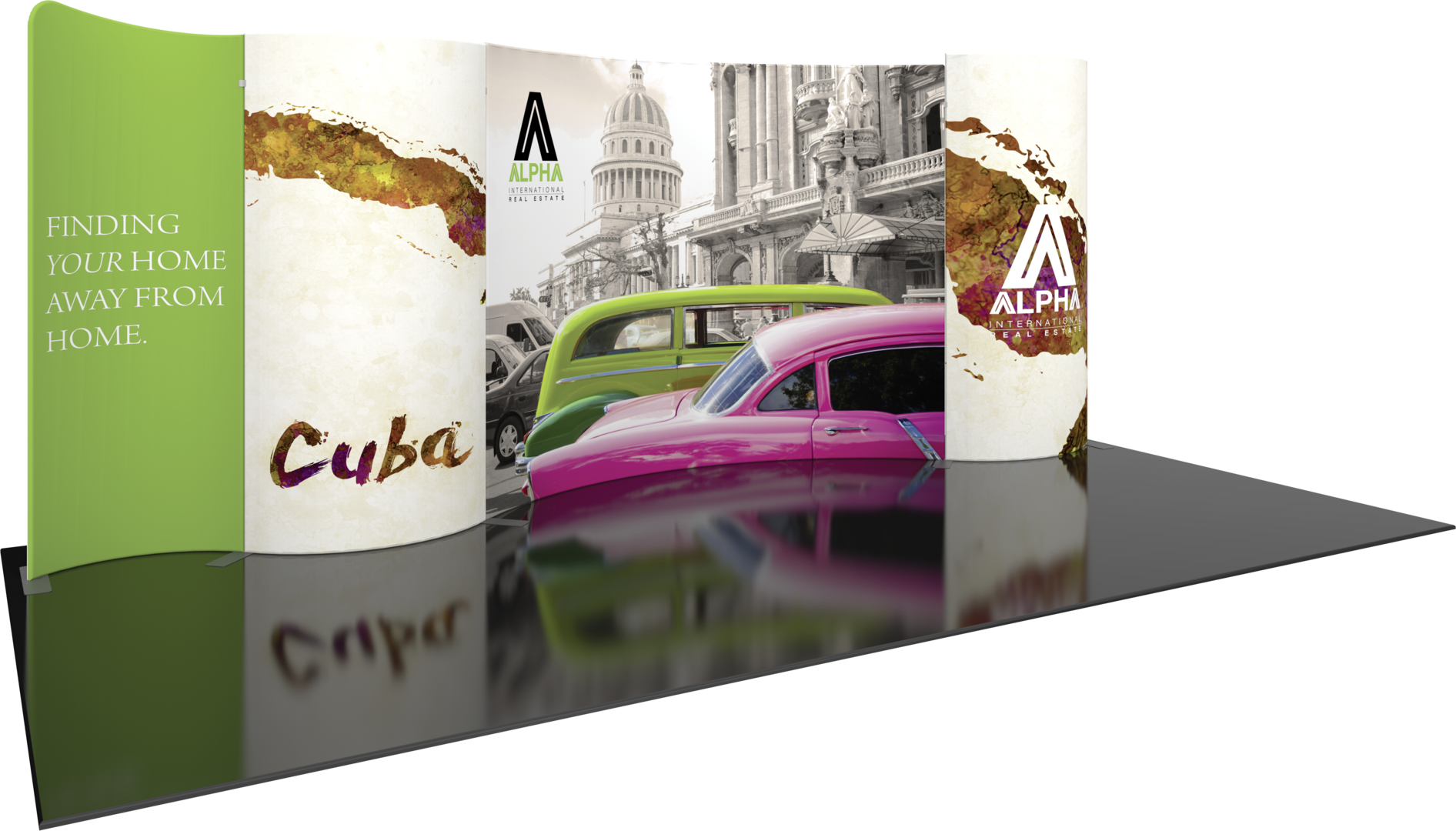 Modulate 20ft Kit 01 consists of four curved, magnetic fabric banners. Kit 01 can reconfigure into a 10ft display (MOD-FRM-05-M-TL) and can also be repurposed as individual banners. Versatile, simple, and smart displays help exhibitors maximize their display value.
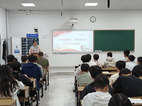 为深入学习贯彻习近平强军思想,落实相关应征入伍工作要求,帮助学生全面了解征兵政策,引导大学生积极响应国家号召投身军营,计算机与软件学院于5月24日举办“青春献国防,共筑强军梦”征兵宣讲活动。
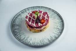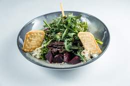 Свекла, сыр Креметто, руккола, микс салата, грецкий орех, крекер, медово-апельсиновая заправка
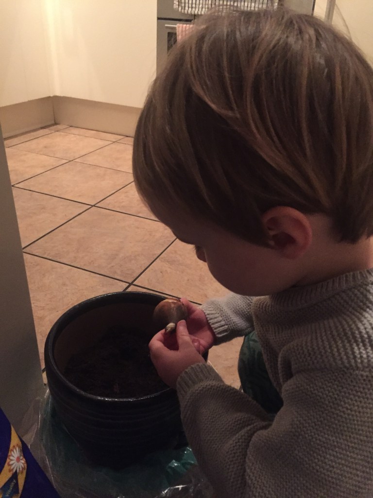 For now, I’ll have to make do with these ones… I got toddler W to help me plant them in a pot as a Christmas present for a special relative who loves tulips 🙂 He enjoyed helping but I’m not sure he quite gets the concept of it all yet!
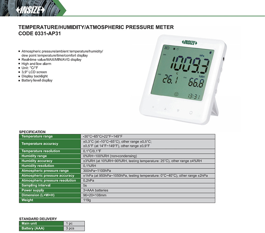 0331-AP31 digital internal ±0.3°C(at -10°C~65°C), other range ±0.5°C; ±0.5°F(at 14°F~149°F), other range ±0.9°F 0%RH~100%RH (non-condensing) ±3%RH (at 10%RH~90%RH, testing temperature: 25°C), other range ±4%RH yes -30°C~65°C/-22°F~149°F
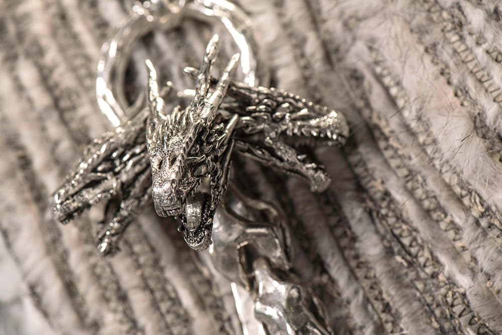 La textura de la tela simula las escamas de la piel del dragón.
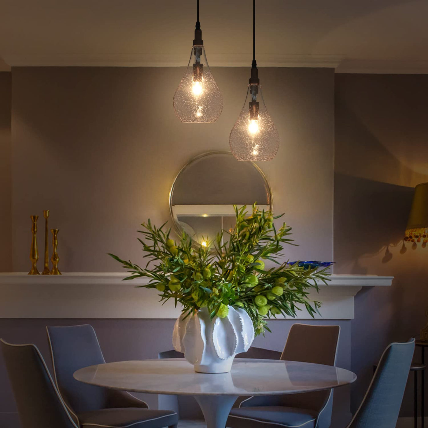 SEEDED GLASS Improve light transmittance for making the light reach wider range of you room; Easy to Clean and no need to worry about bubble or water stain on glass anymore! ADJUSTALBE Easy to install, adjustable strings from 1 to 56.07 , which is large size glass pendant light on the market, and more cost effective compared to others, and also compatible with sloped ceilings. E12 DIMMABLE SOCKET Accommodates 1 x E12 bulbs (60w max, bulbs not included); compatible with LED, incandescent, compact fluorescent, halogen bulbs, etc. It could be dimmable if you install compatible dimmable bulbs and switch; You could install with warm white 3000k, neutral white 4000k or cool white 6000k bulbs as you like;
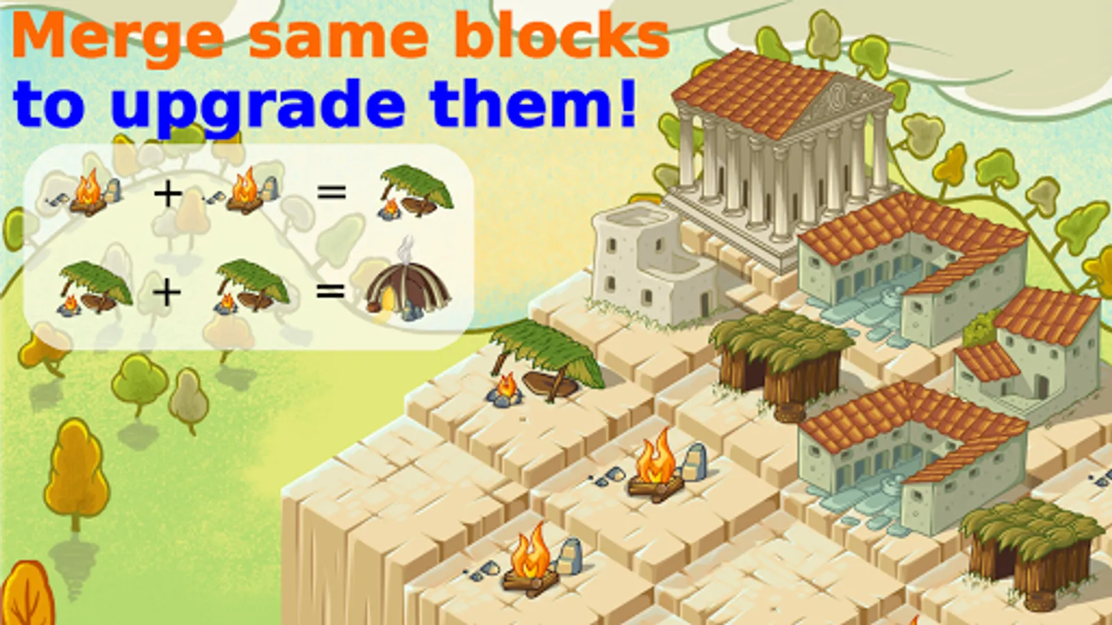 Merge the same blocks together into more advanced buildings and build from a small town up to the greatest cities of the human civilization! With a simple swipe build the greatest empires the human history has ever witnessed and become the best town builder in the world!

********

**Exercise requirements:**
Counting the line with "SEEDED GLASS Improve" and the last line of the data above, transcribe those two lines and every line between them exactly, without the pictures.

**Output of the task:**
 SEEDED GLASS Improve light transmittance for making the light reach wider range of you room; Easy to Clean and no need to worry about bubble or water stain on glass anymore! ADJUSTALBE Easy to install, adjustable strings from 1 to 56.07 , which is large size glass pendant light on the market, and more cost effective compared to others, and also compatible with sloped ceilings. E12 DIMMABLE SOCKET Accommodates 1 x E12 bulbs (60w max, bulbs not included); compatible with LED, incandescent, compact fluorescent, halogen bulbs, etc. It could be dimmable if you install compatible dimmable bulbs and switch; You could install with warm white 3000k, neutral white 4000k or cool white 6000k bulbs as you like;
 Merge the same blocks together into more advanced buildings and build from a small town up to the greatest cities of the human civilization! With a simple swipe build the greatest empires the human history has ever witnessed and become the best town builder in the world!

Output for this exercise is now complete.